### Recorded information
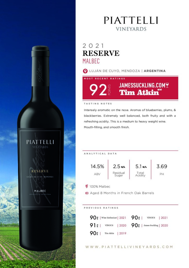 A super-premium wine cloaked in a premium bottle, the deep burgundy hues and lingering fruit aromas makes the Premium Reserve Malbec not just memorable, but unforgettable. Groomed to be a super-premium wine cloaked in a premium bottle, Piattelli Premium Reserve Malbec inspires even the most passive wine consumer to sit up and take notice. The elegance of this sleek, iconic bottle is only surpassed by the excellence of the flavorful, fruit-forward wine it contains.
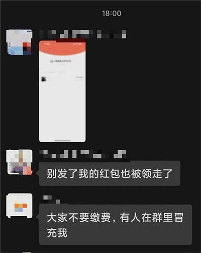在其发红包后,家长们随即往群里发红包交费,其间,“老师”通过分享群二维码的方式,还邀请了多人进群。就在“骗子”忙不迭收红包时,有家长发现了不对劲:微信名“1”的人竟然也在收取自己发给“老师”的红包。随即有其他家长反映,自己发的红包也被别人领走了。就在这时,真正的班主任现身了,随即迅速提醒广大家长不要发红包,称有一名和自己名称、头像一样的人在冒充自己。此时,已有30名家长发送了红包,总金额近6000元。发现真正的班主任现身后,这些“骗子”陆续退出了群聊。这时,大家才反应过来,自己遭遇了一场骗局。那些查看群消息不及时或发红包较慢的家长,则“幸运”躲过了被骗。
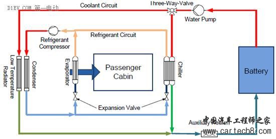 如前所述,电池的化学性能受环境的温度影响非常大,为了保证电池的使用寿命必须让电池工作在合理的温度范围之内,并根据不同的温度给整车控制器得出其所能输出和输入的最大功率。对于电池系统的温度控制主要用到CFD仿真分析,如前所述的温度传感器这一单元,如何使用最少的传感器来有效的监测整个电池包的温度分布,并将监测信息反馈给电池管理系统和整个电池温度管理系统。如图12,电池模组的热分析结果,图13为某液冷系统的,整车和电池系统的散热和加热系统。
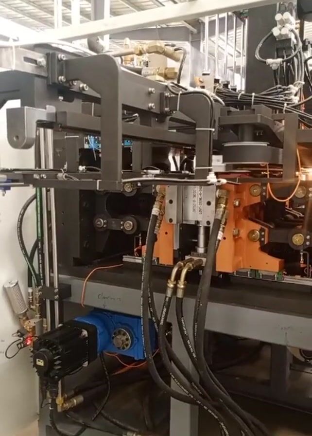 complex industrial machine in operation. A large metal frame supports various mechanical and pneumatic components. A robotic arm-like structure moves horizontally, seemingly transferring objects or performing a manufacturing process. Several hoses and electrical cables connect to the machine, providing power and control. The machine’s movement appears automated and repetitive. The scene suggests a production line within a factory setting.

### Task objective
Keep the pictures out and repeat exactly the lines from the beginning of the data through the line that contains "如前所述,电池的化学性能受环", both ends included.

### Expected output
 A super-premium wine cloaked in a premium bottle, the deep burgundy hues and lingering fruit aromas makes the Premium Reserve Malbec not just memorable, but unforgettable. Groomed to be a super-premium wine cloaked in a premium bottle, Piattelli Premium Reserve Malbec inspires even the most passive wine consumer to sit up and take notice. The elegance of this sleek, iconic bottle is only surpassed by the excellence of the flavorful, fruit-forward wine it contains.
在其发红包后,家长们随即往群里发红包交费,其间,“老师”通过分享群二维码的方式,还邀请了多人进群。就在“骗子”忙不迭收红包时,有家长发现了不对劲:微信名“1”的人竟然也在收取自己发给“老师”的红包。随即有其他家长反映,自己发的红包也被别人领走了。就在这时,真正的班主任现身了,随即迅速提醒广大家长不要发红包,称有一名和自己名称、头像一样的人在冒充自己。此时,已有30名家长发送了红包,总金额近6000元。发现真正的班主任现身后,这些“骗子”陆续退出了群聊。这时,大家才反应过来,自己遭遇了一场骗局。那些查看群消息不及时或发红包较慢的家长,则“幸运”躲过了被骗。
 如前所述,电池的化学性能受环境的温度影响非常大,为了保证电池的使用寿命必须让电池工作在合理的温度范围之内,并根据不同的温度给整车控制器得出其所能输出和输入的最大功率。对于电池系统的温度控制主要用到CFD仿真分析,如前所述的温度传感器这一单元,如何使用最少的传感器来有效的监测整个电池包的温度分布,并将监测信息反馈给电池管理系统和整个电池温度管理系统。如图12,电池模组的热分析结果,图13为某液冷系统的,整车和电池系统的散热和加热系统。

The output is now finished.